Here's a sad tale from Cisco's top lawyer, Mark Chandler.
A few weeks ago, an unnamed HP employee quit his job in Texas and moved to California to start a new job at Cisco.
He asked a California court to overrule the non-compete agreement he had with HP -- a safe bet, since California is very protective of a worker's right to change jobs.
As part of the normal legal process, Cisco notified HP of the court hearing and tried to assure HP that the employee wouldn't use any confidential information.
So how did HP respond?
By filing an emergency lawsuit in Texas trying to get an immediate injunction preventing the employee from starting work in California.
The Texas judge laughed the case out of court, and the California court gave him the right to start at Cisco. (Arik Hesseldahl of AllThingsD thinks the employee was Paul Perez, the former CTO of HP's storage business.)
Chandler says this is the third time in two years HP has sued former employees to stop them from working at Cisco.

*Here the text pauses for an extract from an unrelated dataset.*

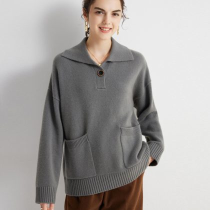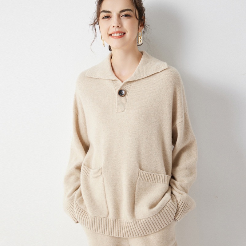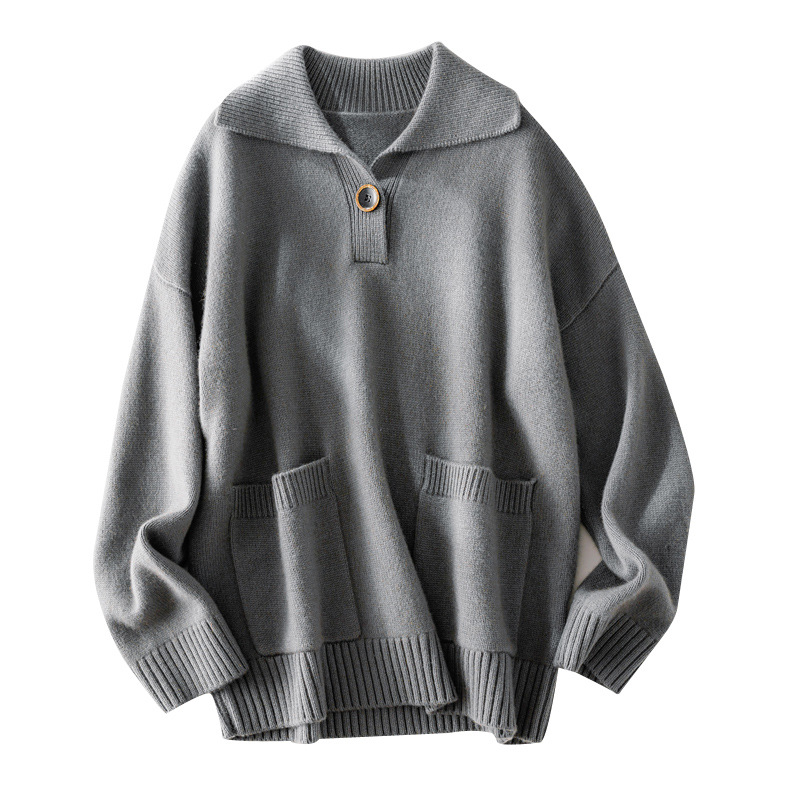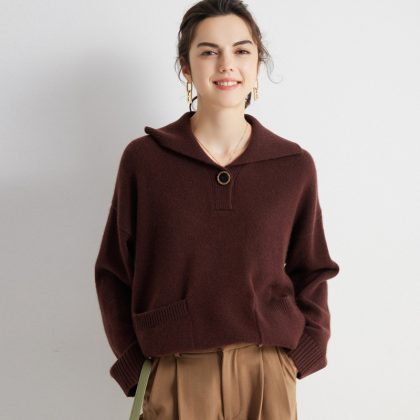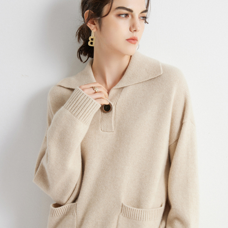 | nameOriginal | 2023 autumn and winter New cashmere sweater women's 100 pure cashmere lapel thick cashmere sweater solid color loose top |
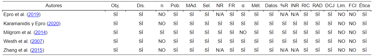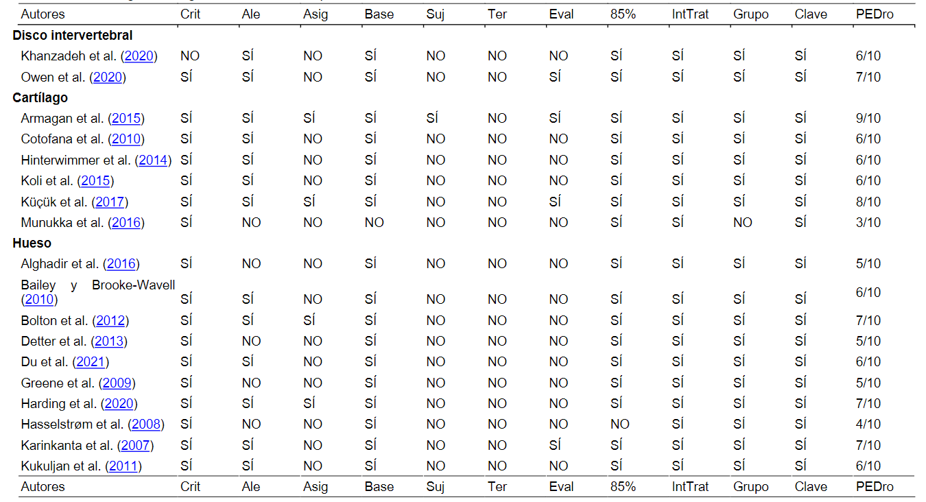 Los parámetros que no cumplieron la mayoría de los estudios fueron la ocultación de la asignación, el cegamiento de los sujetos, el cegamiento de los terapeutas y el cegamiento de los evaluadores. Los estudios incluidos para el tejido ligamento correspondían a un diseño observacional; por lo tanto, no se realizó una evaluación de los estudios experimentales.

One of the other lawsuits was so aggressive that the employee gave up, even though he had quit HP months before. Another was filed against somebody in HP's financial services department and didn't even try to argue that intellectual property was at stake. (The employee won that suit.)
HP isn't the only company to sue departing employees -- earlier this year, Microsoft sued a general manager to stop him from working for Salesforce, and is rumored to have used legal threats to stop one of its data center leaders from moving to Apple.
But HP's declaration of "emergency" in this case seems particularly low.